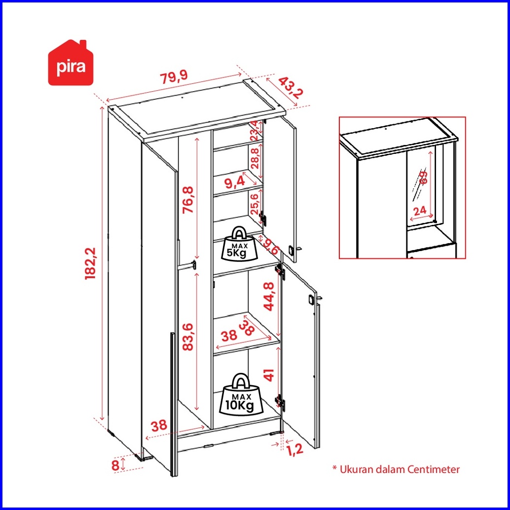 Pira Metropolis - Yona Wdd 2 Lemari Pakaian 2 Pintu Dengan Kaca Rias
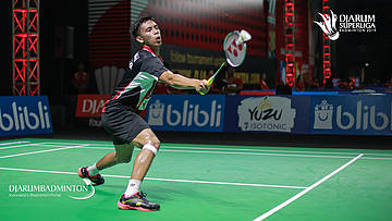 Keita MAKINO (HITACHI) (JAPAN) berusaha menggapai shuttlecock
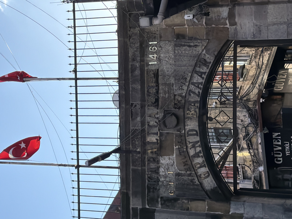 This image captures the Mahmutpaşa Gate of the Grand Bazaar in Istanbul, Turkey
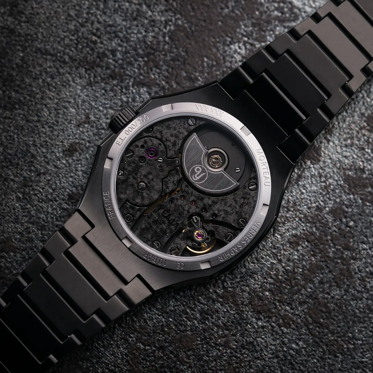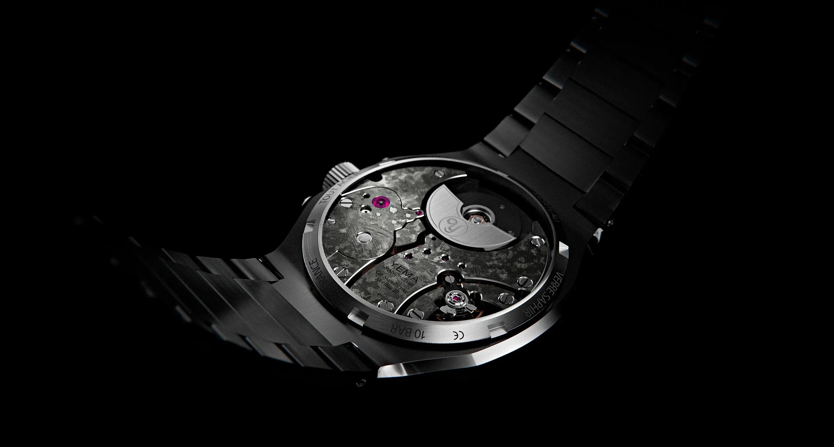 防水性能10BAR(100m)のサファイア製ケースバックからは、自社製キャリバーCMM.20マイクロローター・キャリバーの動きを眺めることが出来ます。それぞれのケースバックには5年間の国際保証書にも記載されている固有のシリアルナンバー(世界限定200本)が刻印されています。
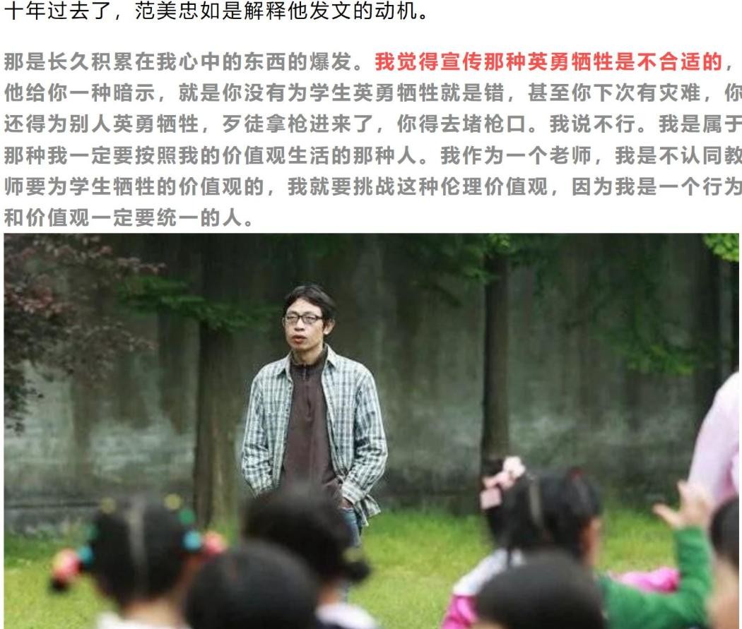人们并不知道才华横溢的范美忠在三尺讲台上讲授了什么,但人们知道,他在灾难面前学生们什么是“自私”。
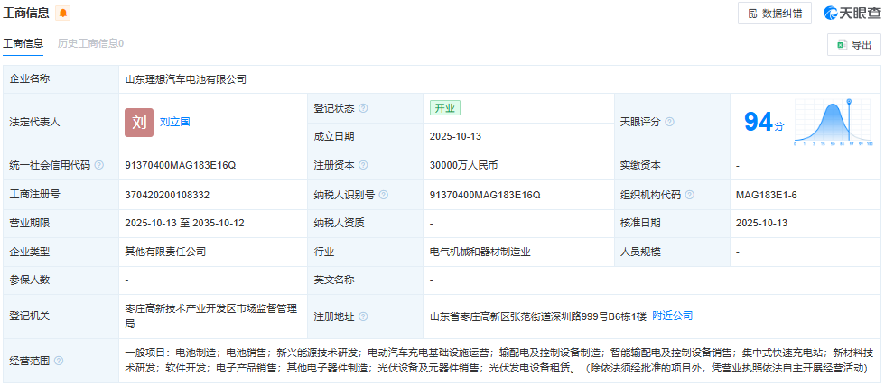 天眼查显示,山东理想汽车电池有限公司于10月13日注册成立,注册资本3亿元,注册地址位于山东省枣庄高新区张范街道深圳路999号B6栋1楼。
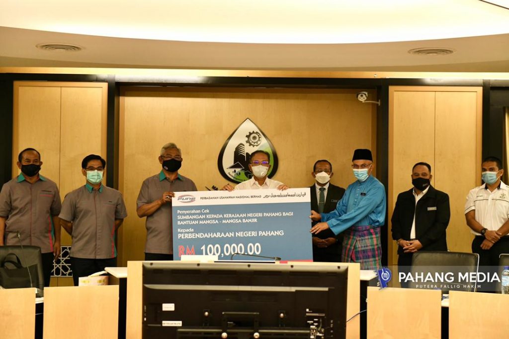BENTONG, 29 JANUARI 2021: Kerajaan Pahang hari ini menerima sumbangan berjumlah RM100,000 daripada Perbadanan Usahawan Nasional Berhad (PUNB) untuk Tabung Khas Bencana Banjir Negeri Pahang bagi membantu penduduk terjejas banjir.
--------------------
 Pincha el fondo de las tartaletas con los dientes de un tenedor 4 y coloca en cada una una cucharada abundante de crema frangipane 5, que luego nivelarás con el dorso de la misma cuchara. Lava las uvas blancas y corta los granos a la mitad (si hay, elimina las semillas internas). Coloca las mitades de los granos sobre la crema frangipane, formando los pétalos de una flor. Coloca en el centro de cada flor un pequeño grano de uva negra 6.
--------------------
▶ **Problem details**
Transcribe exactly the lines above, beginning at the one with "This image captures" and going up to and including the one with "BENTONG, 29 JANUARI". Pictures do not belong in the copy.

▶ **Task response**
 This image captures the Mahmutpaşa Gate of the Grand Bazaar in Istanbul, Turkey
 防水性能10BAR(100m)のサファイア製ケースバックからは、自社製キャリバーCMM.20マイクロローター・キャリバーの動きを眺めることが出来ます。それぞれのケースバックには5年間の国際保証書にも記載されている固有のシリアルナンバー(世界限定200本)が刻印されています。
人们并不知道才华横溢的范美忠在三尺讲台上讲授了什么,但人们知道,他在灾难面前学生们什么是“自私”。
 天眼查显示,山东理想汽车电池有限公司于10月13日注册成立,注册资本3亿元,注册地址位于山东省枣庄高新区张范街道深圳路999号B6栋1楼。
BENTONG, 29 JANUARI 2021: Kerajaan Pahang hari ini menerima sumbangan berjumlah RM100,000 daripada Perbadanan Usahawan Nasional Berhad (PUNB) untuk Tabung Khas Bencana Banjir Negeri Pahang bagi membantu penduduk terjejas banjir.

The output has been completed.